Затем он поднял свой бокал:

— За успех оперы «Болонские студенты»!

Все охотно присоединились к тосту, зазвенели бокалы и прозвучали горячие пожелания успеха.

За трапезой только и говорили, что о прекрасном замысле.

В десять вечера гости поднялись из-за стола. Россини сел за фортепиано и стал импровизировать увертюру.

К сожалению, он забыл ее записать.

На следующий день я получил текст истории.
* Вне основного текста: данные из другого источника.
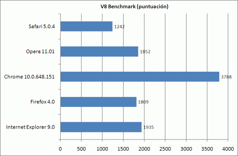 Si para cada prueba consideramos que el mejor navegador obtiene 10 puntos y, al resto, los evaluamos de manera inversamente proporcional, obtendríamos la siguiente clasificación:
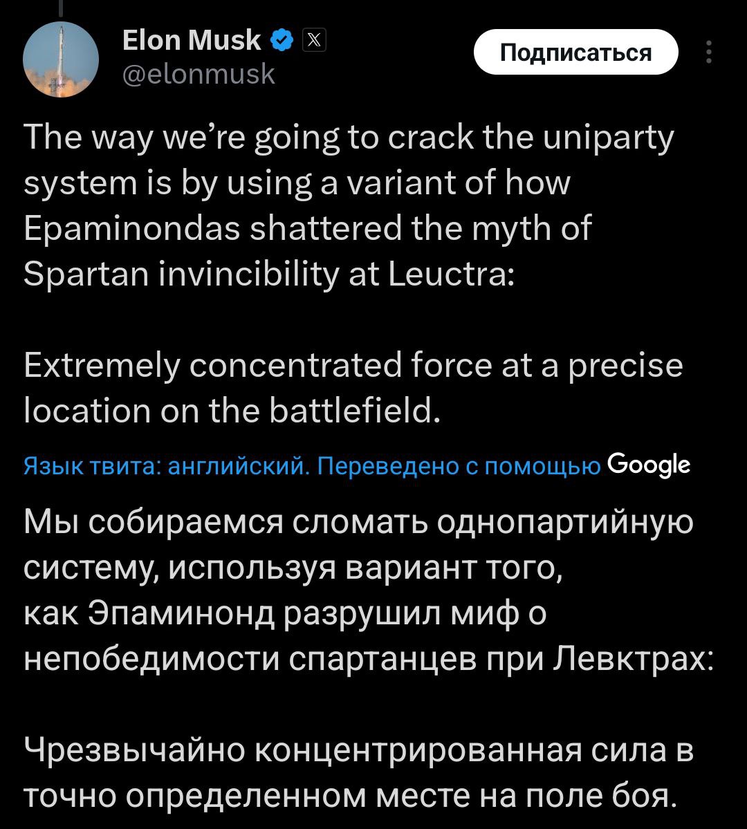 "Ми збираємося зламати однопартійну систему, використовуючи варіант того, як Епамінонд зруйнував міф про непереможність спартанців при Левктрах", - написав Маск, посилаючись на давньогрецьку тактику зосередженого удару.
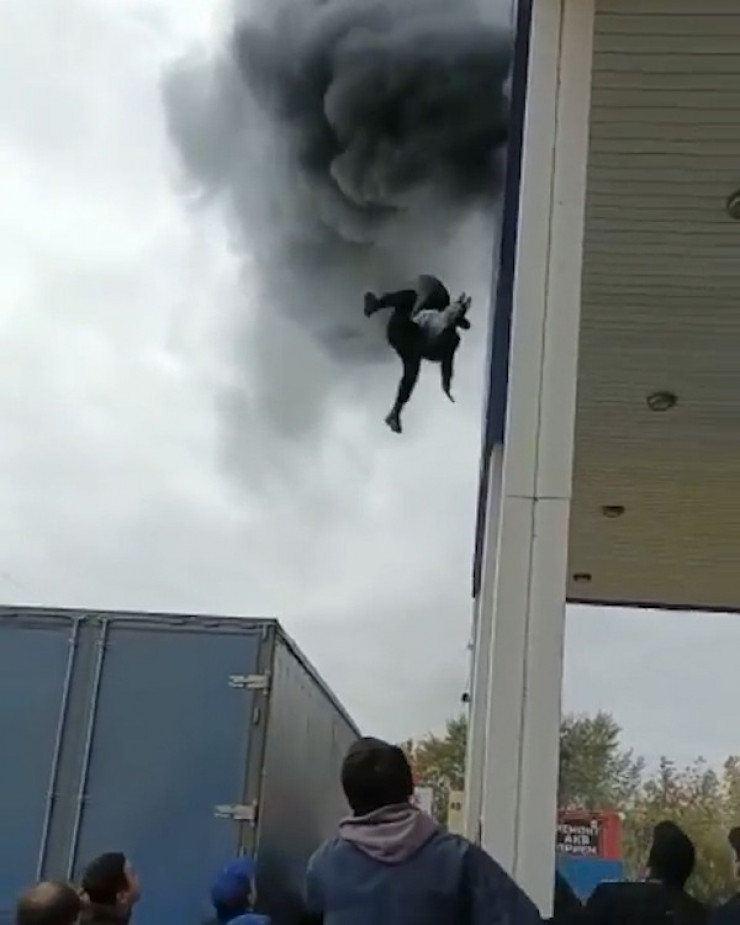 Очевидцы прислали видео в редакцию, на кадрах которого видно, что находившаяся на верхнем этаже девушка решилась спастись от дыма, заполонившего весь торговый центр.
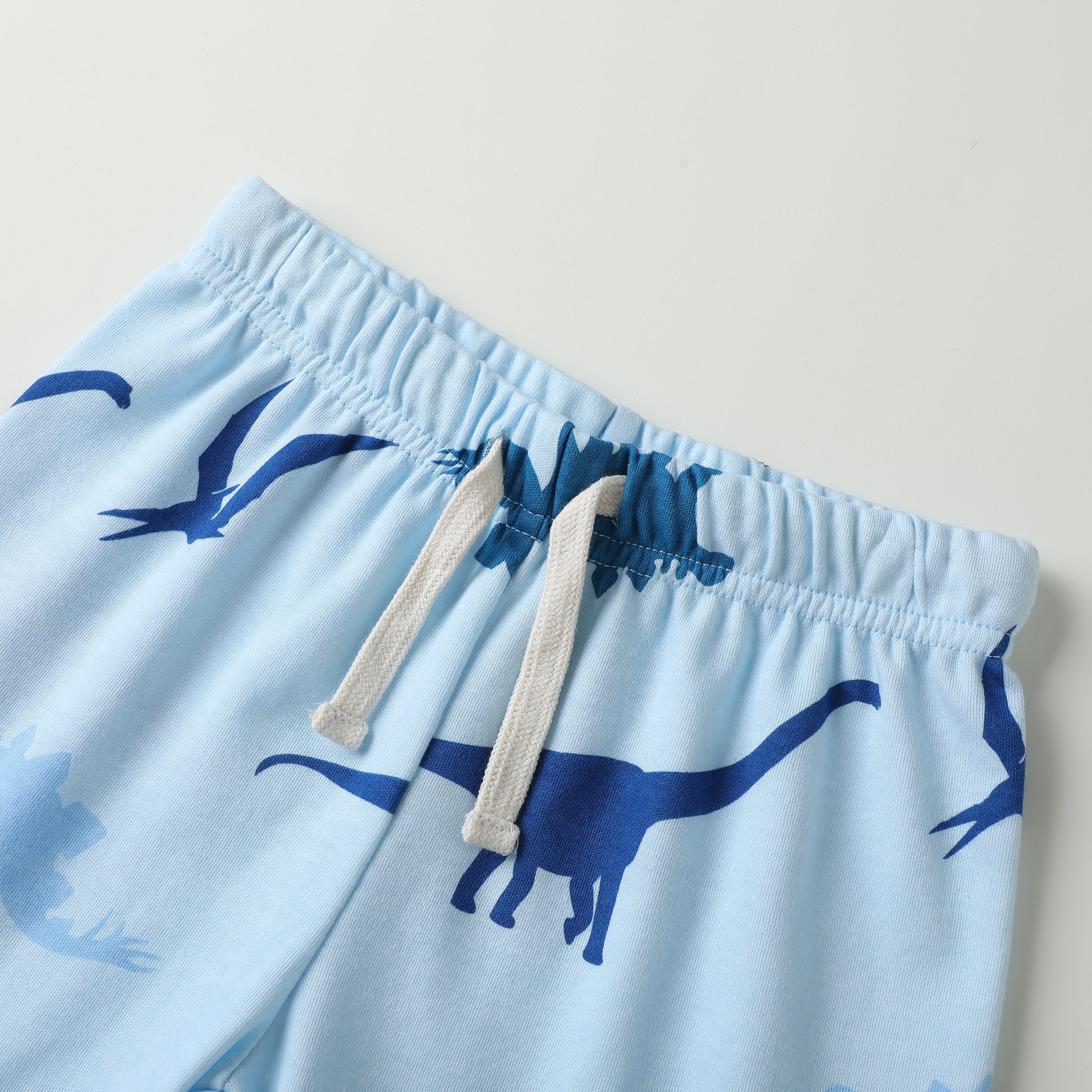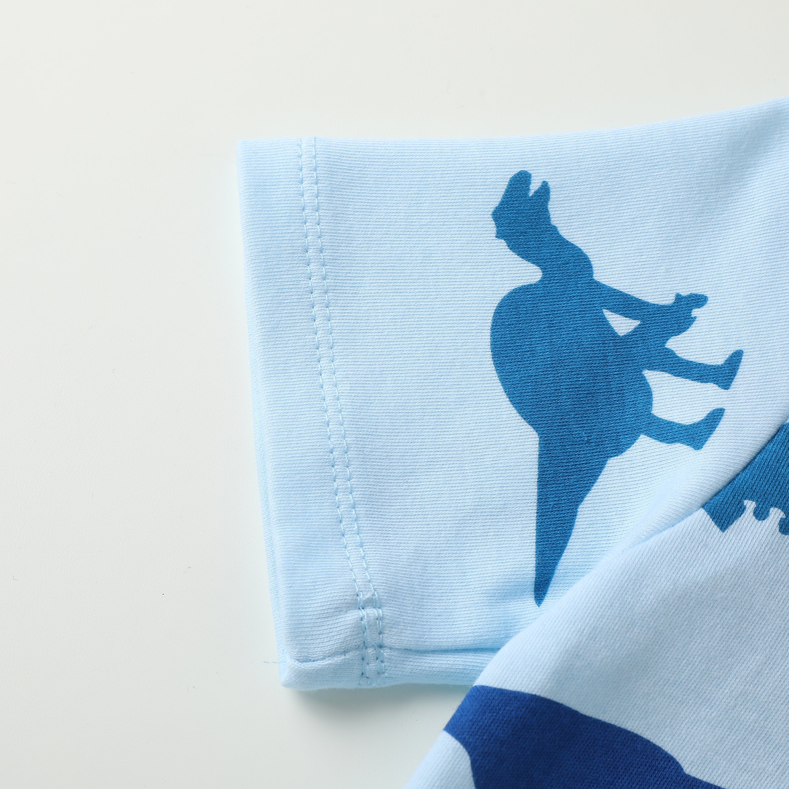100% Organic Cotton Toddler Summer 2 Piece short sleeve Pajama Set - Blue Dinosaur
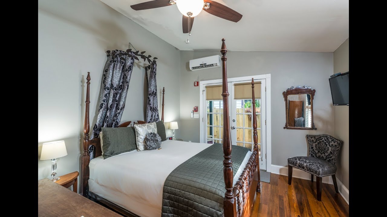 | Queen four poster bed | Ground floor in the private Cottage | Victorian subway tile rainhead shower with body sprays | Individually controlled HVAC | Private courtyard | Size including bath - 218 sq ft |

А вот о партитуре мне уже никогда не пришлось услышать.

История же такова.

II КЛЯТВА

Первого декабря 1703 года, во времена папы Климента XI, около четырех часов пополудни три молодых человека, в которых легко было узнать студентов Болонского университета, вышли из города через Флорентийские ворота и направились к очаровательному кладбищу, с первого взгляда напоминавшему скорее уютный парк, нежели обитель усопших. Все трое, закутанные в длинные плащи, шли быстрым шагом и время от времени оглядывались назад, как это делают люди, опасающиеся преследования.

Один из них что-то прятал под плащом, но не трудно было заметить, что это пара шпаг.



Подойдя к кладбищу, студенты, вместо того чтобы двигаться дальше прямо ко входу, свернули направо и пошли вдоль южной стены, затем, достигнув ее оконечности, круто свернули налево и, упершись в восточную стену, увидели молодых людей: двое стояли, а один сидел; по-видимому, эти трое их ждали.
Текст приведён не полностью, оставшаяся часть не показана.